The Tragedy of the Politics of Race in America
alice wellintown
alicewellintown at gmail.com
Mon Mar 26 06:18:35 CDT 2012
“Sophocles implies that incest and exile, too much unity and
too much diversity, are not opposites but are, literally,
two sides of the same coin. He also suggests, what the
audience believed, that incest and parricide are acts that
obliterate the distinction between man and beast, inside and
outside, the wild and civilization. What Oedipus lacks (and
Thebes as well) is some middle term, an Aristotelian Polis
that mediates between our divinity and animality, making us
whole in a community constituted by diversity” 287.
J. Peter Euben in The Road Home: Pynchon’s The
Crying of Lot 49, the concluding chapter of his The Tragedy
of Political Theory (1990).
The shooter thought he was working on the side of Divinity, that the
younger man was on the side of Animality. He was wrong. But his
actions are not tragic and what happens to him, whatever it may be,
will not be tragic. Nor is the tale of the young man in the hoodie
tragic. He is dead, the other is in the hands of a polis. Let the
politicians and papers have their day. But let us not be fooled again.

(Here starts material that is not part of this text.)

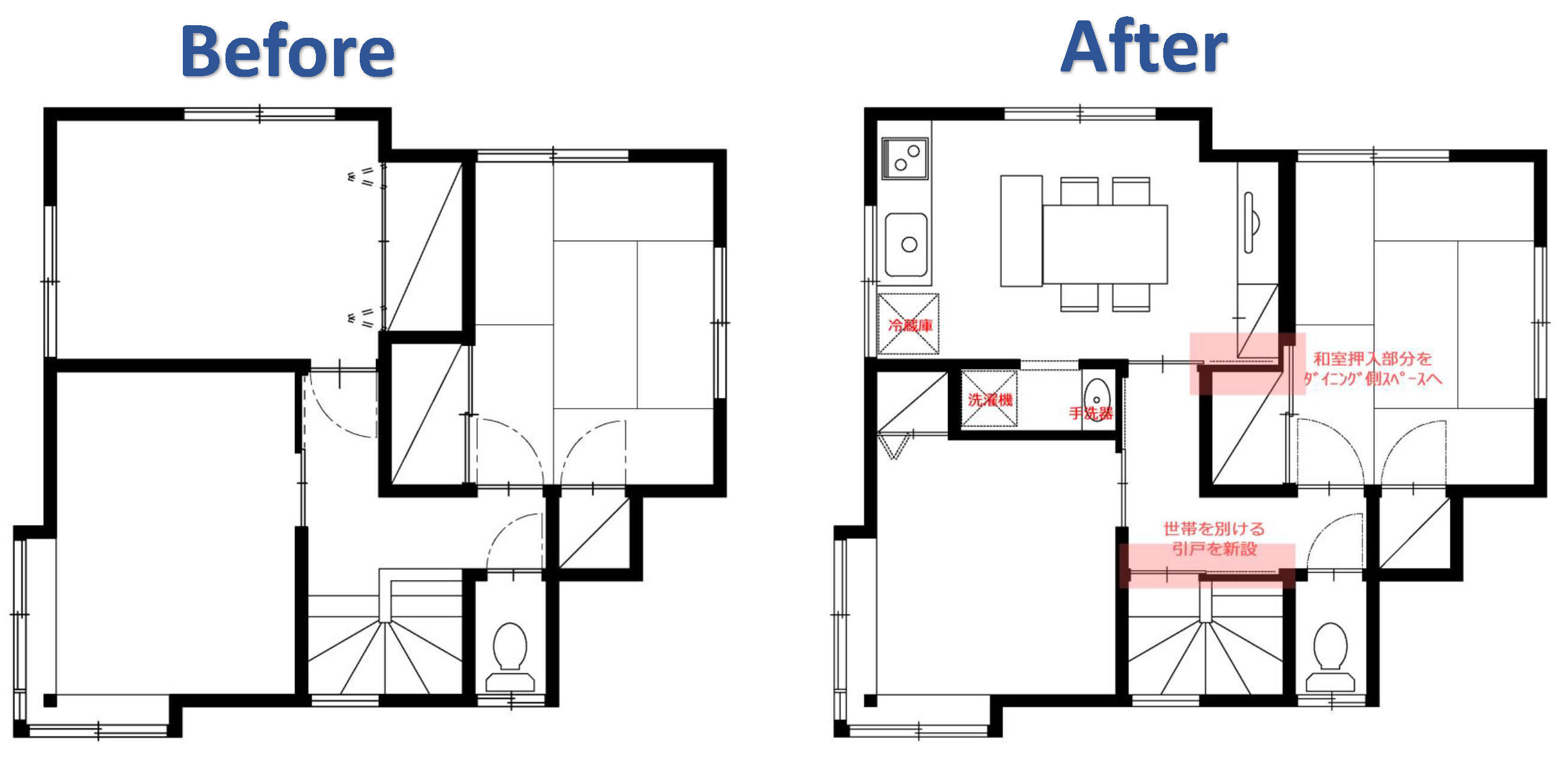 3部屋の個室であった2階部分で、新たに息子様世帯が独立した生活を営めるようにする計画でした。
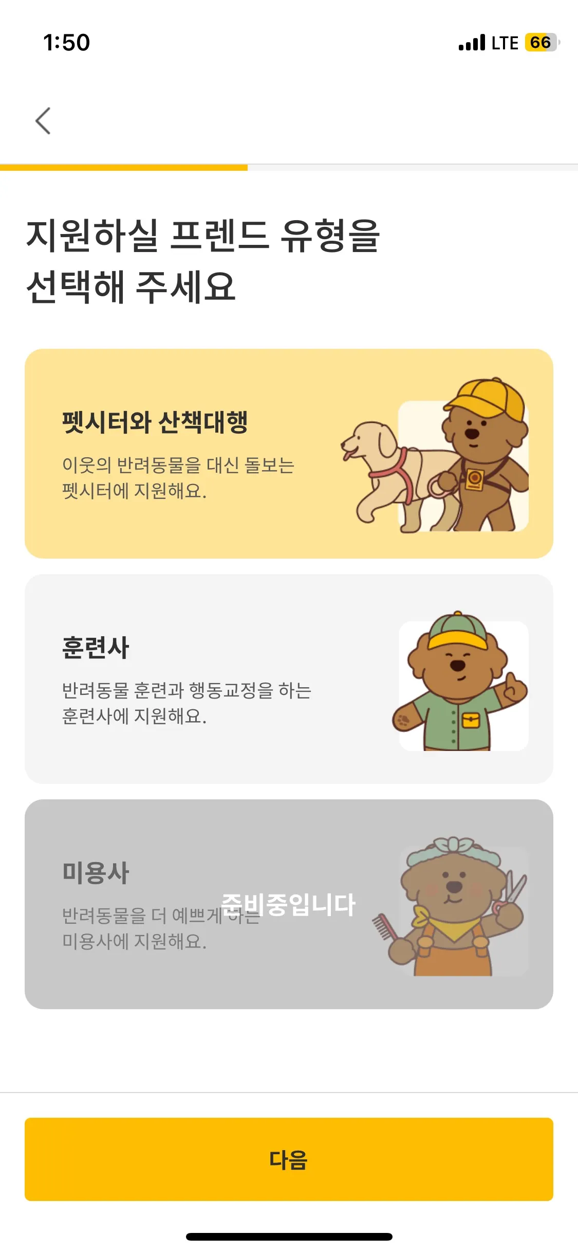 5. “펫시터와 산책대행”을 눌러 펫시터 등록을 시작해요.

The tragedy here is not one man's death, but the failure of a Nation
to make a community constituted by diversity.
There was great hope that this President, this Attorney General, both
black men, would do something to improve the lives of poor young black
males. They have done little. If a tragedy is in the making, it is a
tragedy of these men, the President, his Attorney General, not of the
shooter or his victim. The First Lady has no fear of her obligation to
the black community. The President, to use the Attorney General's
words, "is a coward."
Though this nation has proudly thought of itself as an ethnic melting
pot, in things racial we have always been and continue to be, in too
many ways, essentially a nation of cowards. Though race related issues
continue to occupy a significant portion of our political discussion,
and though there remain many unresolved racial issues in this nation,
we, average Americans, simply do not talk enough with each other about
race. It is an issue we have never been at ease with and given our
nation’s history this is in some ways understandable. And yet, if we
are to make progress in this area we must feel comfortable enough with
one another, and tolerant enough of each other, to have frank
conversations about the racial matters that continue to divide us. But
we must do more- and we in this room bear a special responsibility.
Through its work and through its example this Department of Justice,
as long as I am here, must - and will - lead the nation to the "new
birth of freedom" so long ago promised by our greatest President. This
is our duty and our solemn obligation.